[The data]

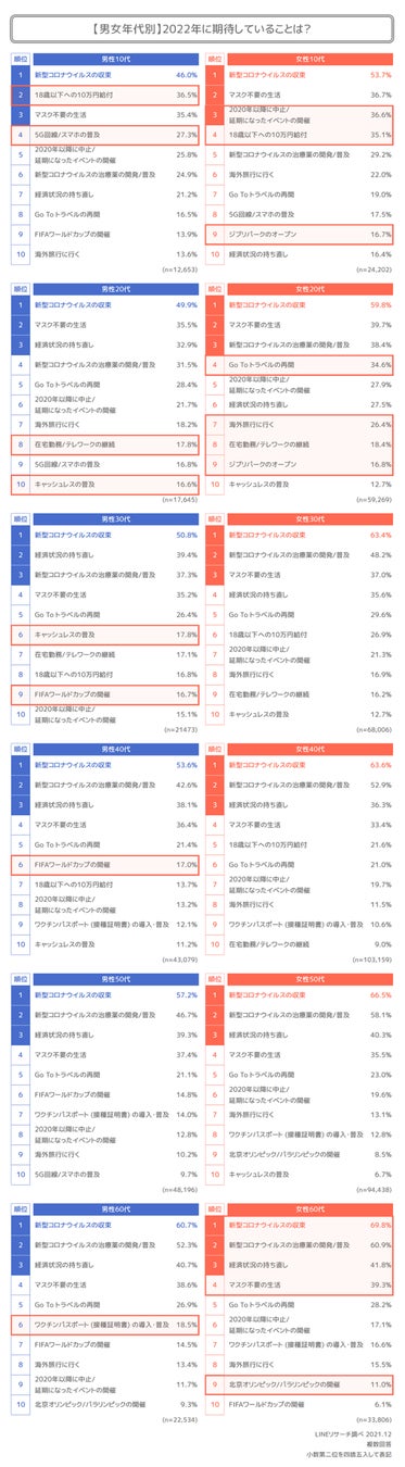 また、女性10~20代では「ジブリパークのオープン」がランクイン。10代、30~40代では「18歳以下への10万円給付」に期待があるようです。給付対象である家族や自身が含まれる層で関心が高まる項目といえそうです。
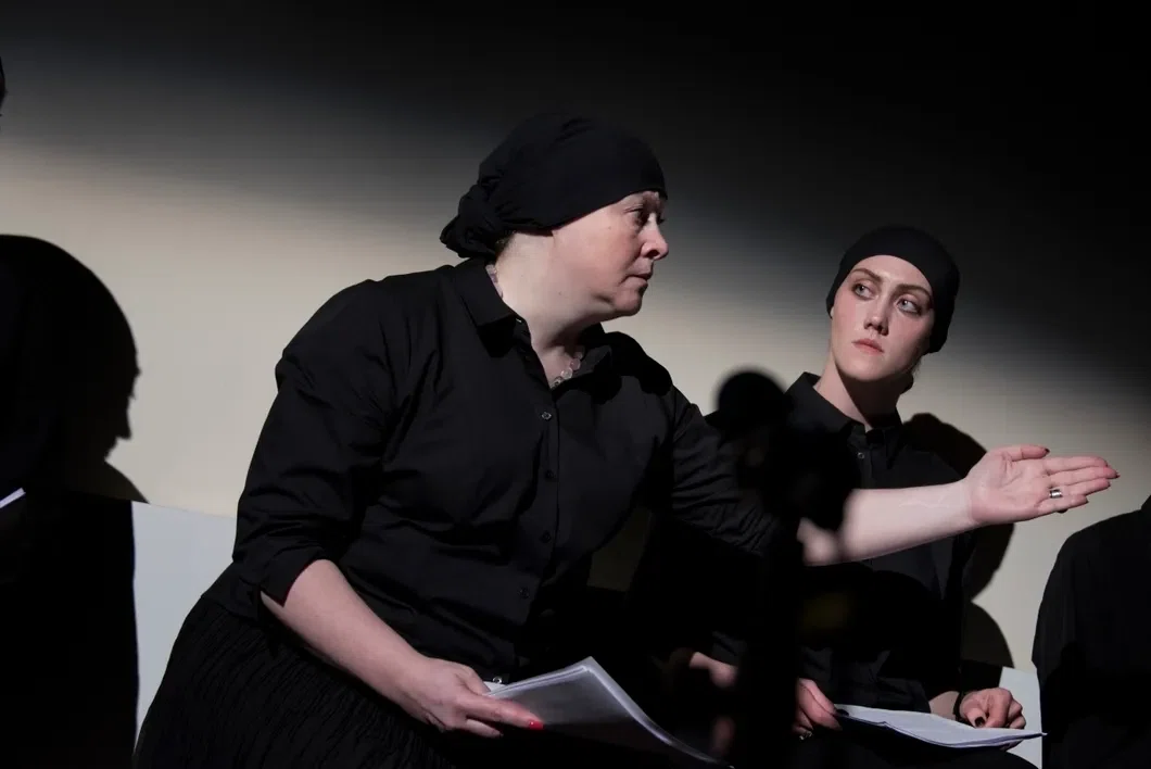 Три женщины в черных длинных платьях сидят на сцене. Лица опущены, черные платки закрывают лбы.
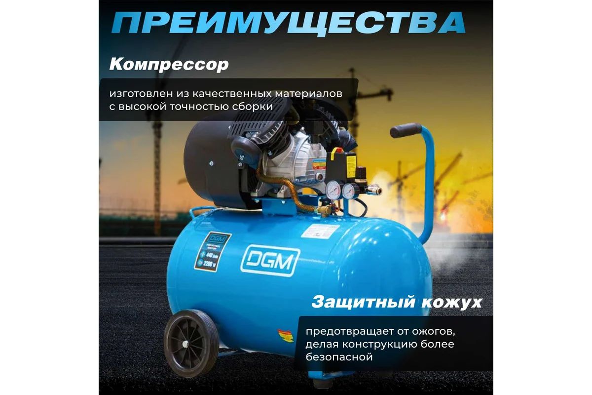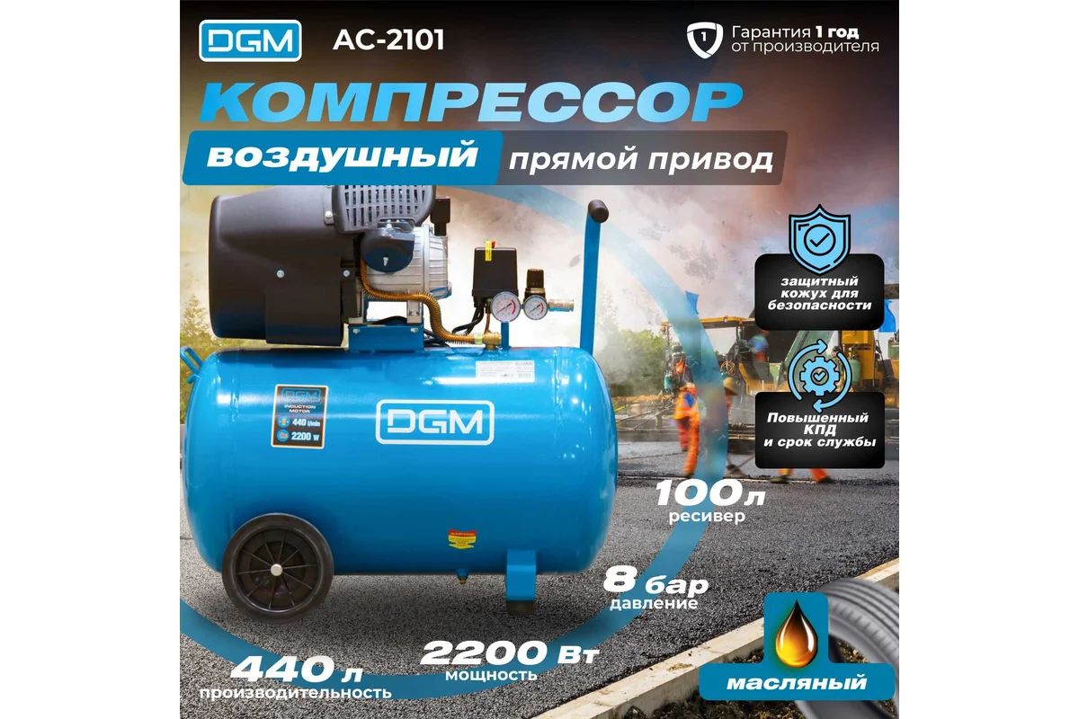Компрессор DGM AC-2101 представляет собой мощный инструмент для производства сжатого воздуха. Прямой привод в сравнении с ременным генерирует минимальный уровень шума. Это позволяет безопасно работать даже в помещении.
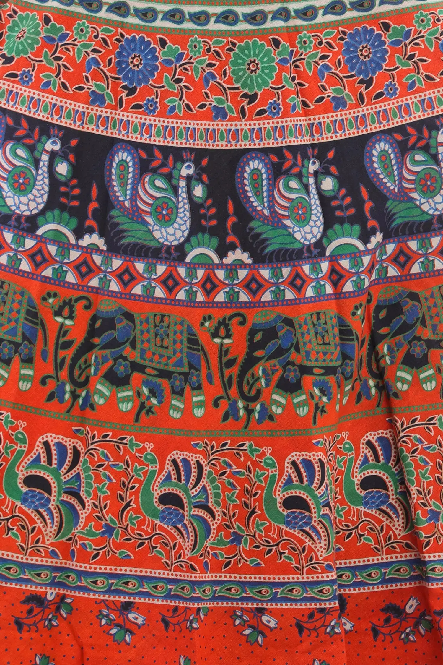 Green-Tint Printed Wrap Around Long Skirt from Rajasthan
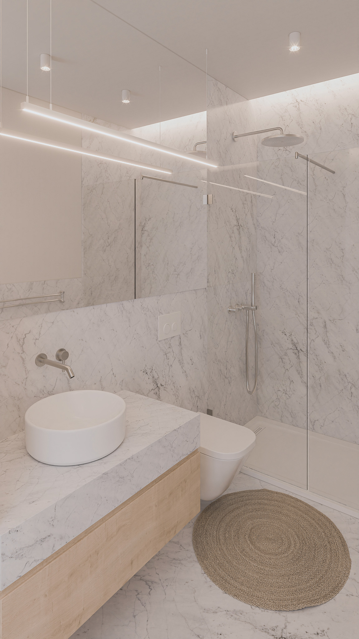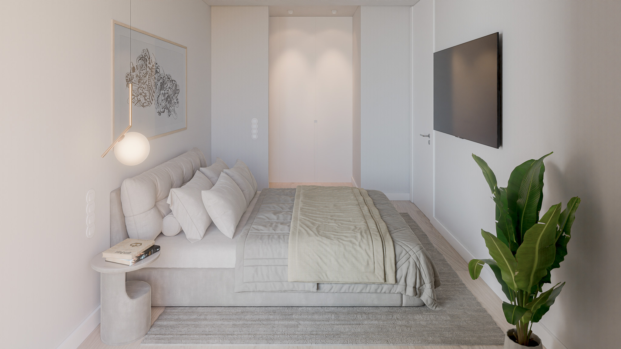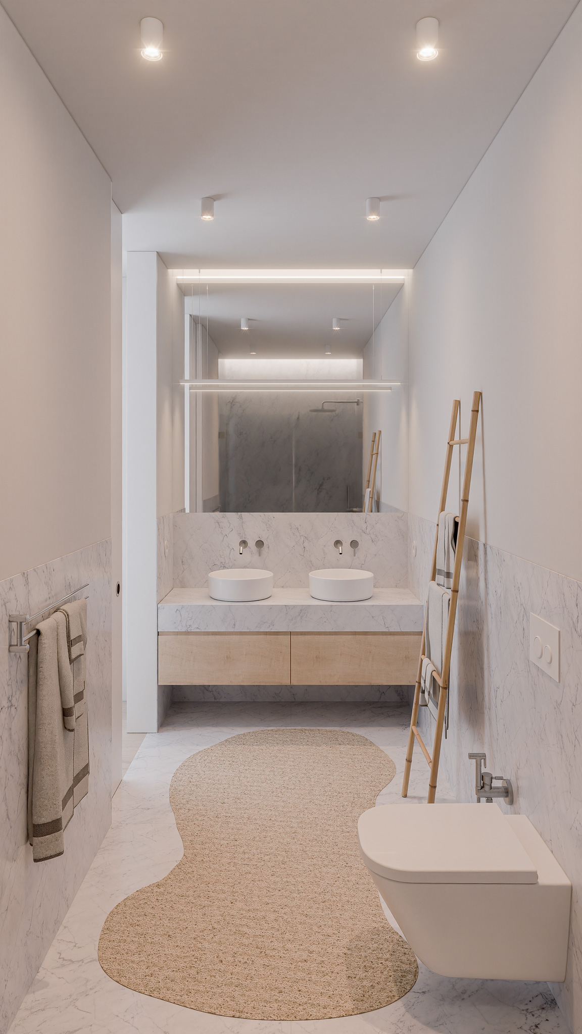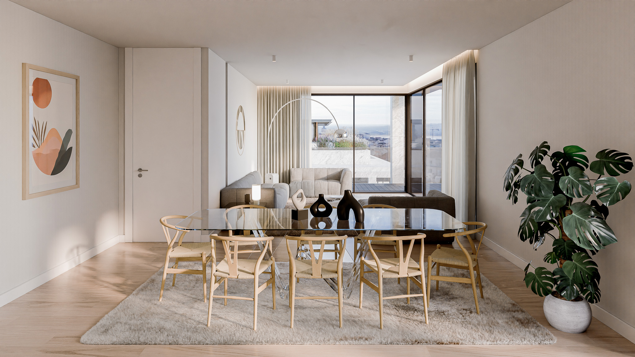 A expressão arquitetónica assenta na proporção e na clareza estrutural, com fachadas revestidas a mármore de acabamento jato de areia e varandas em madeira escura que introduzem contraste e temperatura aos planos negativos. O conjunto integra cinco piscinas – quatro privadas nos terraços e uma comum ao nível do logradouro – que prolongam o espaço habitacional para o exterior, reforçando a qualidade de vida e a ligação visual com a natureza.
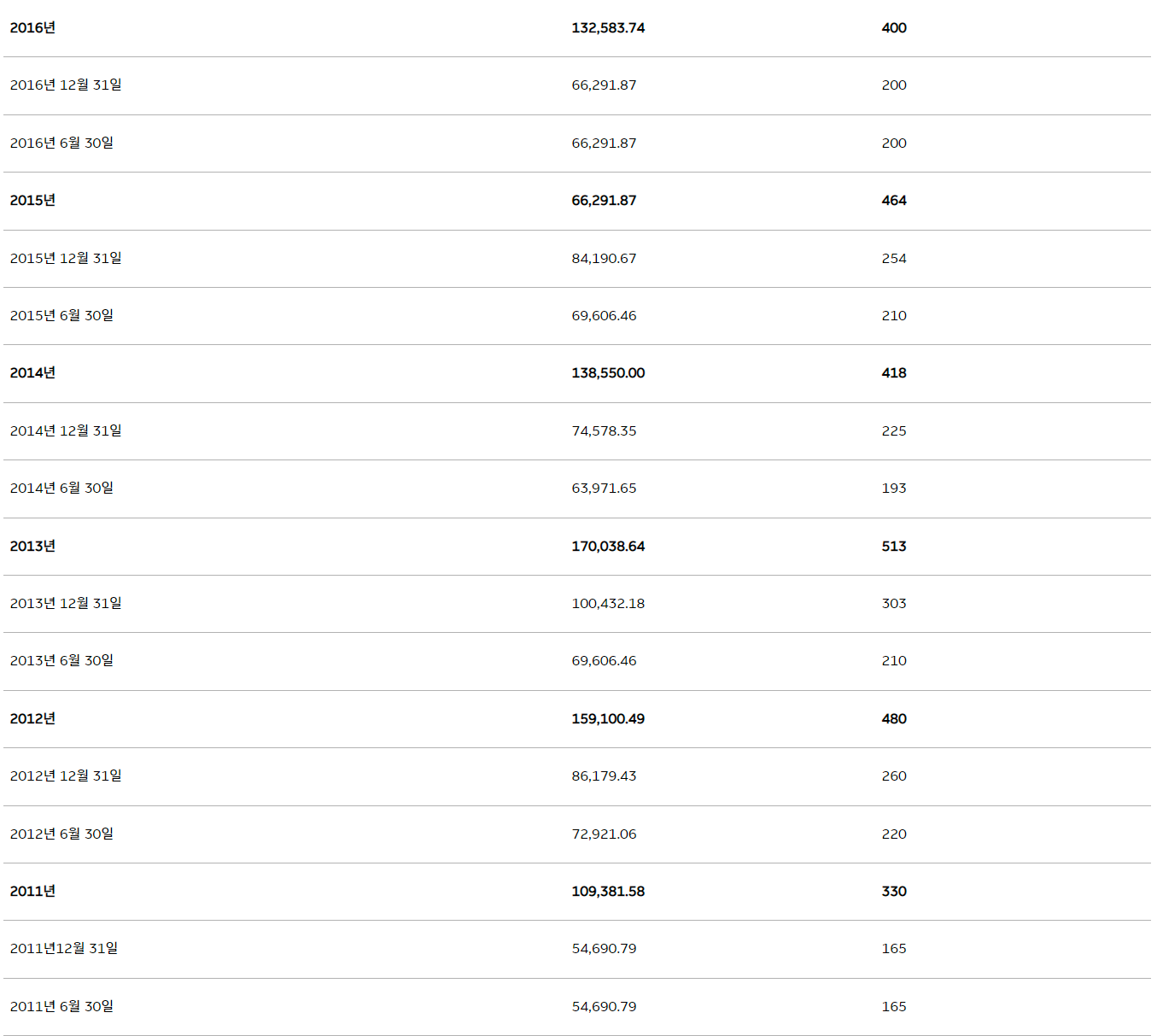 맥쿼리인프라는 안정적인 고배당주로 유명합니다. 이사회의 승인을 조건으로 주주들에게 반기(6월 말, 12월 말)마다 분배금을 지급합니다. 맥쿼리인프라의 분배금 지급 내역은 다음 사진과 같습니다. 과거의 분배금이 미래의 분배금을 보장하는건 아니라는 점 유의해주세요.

[What to work on] Retype exactly the lines above, starting at the line containing "Компрессор DGM AC-2101" and ending with the last line, both included; leave out the pictures.

[Output for this exercise]
Компрессор DGM AC-2101 представляет собой мощный инструмент для производства сжатого воздуха. Прямой привод в сравнении с ременным генерирует минимальный уровень шума. Это позволяет безопасно работать даже в помещении.
 Green-Tint Printed Wrap Around Long Skirt from Rajasthan
 A expressão arquitetónica assenta na proporção e na clareza estrutural, com fachadas revestidas a mármore de acabamento jato de areia e varandas em madeira escura que introduzem contraste e temperatura aos planos negativos. O conjunto integra cinco piscinas – quatro privadas nos terraços e uma comum ao nível do logradouro – que prolongam o espaço habitacional para o exterior, reforçando a qualidade de vida e a ligação visual com a natureza.
 맥쿼리인프라는 안정적인 고배당주로 유명합니다. 이사회의 승인을 조건으로 주주들에게 반기(6월 말, 12월 말)마다 분배금을 지급합니다. 맥쿼리인프라의 분배금 지급 내역은 다음 사진과 같습니다. 과거의 분배금이 미래의 분배금을 보장하는건 아니라는 점 유의해주세요.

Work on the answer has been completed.